··· Record extracts

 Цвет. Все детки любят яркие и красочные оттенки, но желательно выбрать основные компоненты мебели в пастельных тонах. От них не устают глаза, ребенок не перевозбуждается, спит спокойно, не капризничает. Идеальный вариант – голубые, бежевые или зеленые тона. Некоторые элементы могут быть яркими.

······
··· Record extracts

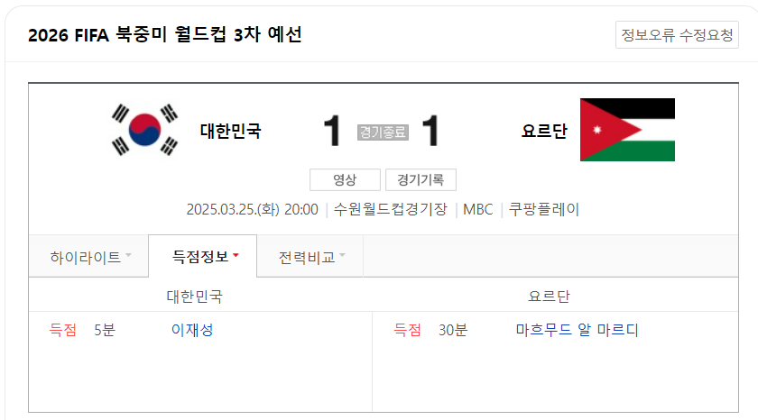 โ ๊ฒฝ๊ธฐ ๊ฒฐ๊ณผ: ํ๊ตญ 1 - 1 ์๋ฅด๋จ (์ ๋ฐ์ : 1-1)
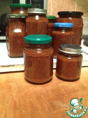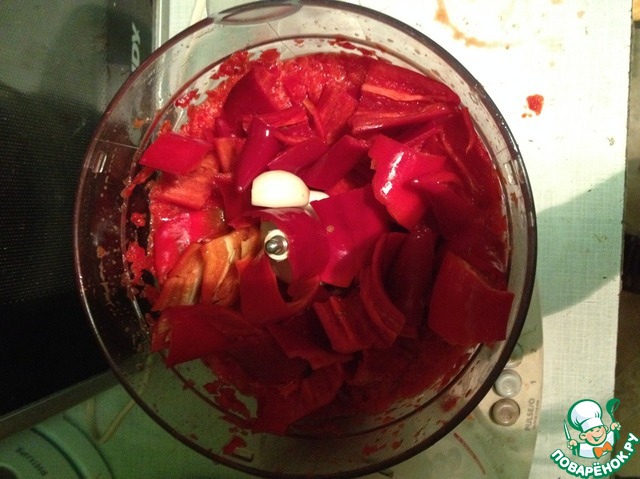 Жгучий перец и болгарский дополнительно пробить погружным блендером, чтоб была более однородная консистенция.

······
··· Record extracts

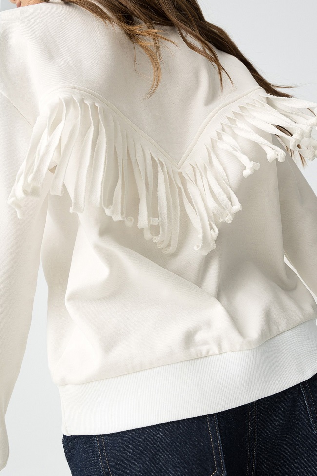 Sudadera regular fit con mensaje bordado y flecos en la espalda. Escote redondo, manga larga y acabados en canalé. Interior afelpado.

······

**How to complete this task**. Every line from the one with "โ ๊ฒฝ๊ธฐ ๊ฒฐ๊ณผ: ํ๊ตญ" through the one with "Жгучий перец и" is to be reproduced exactly as written above, and the pictures are to be dropped.

**Solution for this exercise**.
 โ ๊ฒฝ๊ธฐ ๊ฒฐ๊ณผ: ํ๊ตญ 1 - 1 ์๋ฅด๋จ (์ ๋ฐ์ : 1-1)
 Жгучий перец и болгарский дополнительно пробить погружным блендером, чтоб была более однородная консистенция.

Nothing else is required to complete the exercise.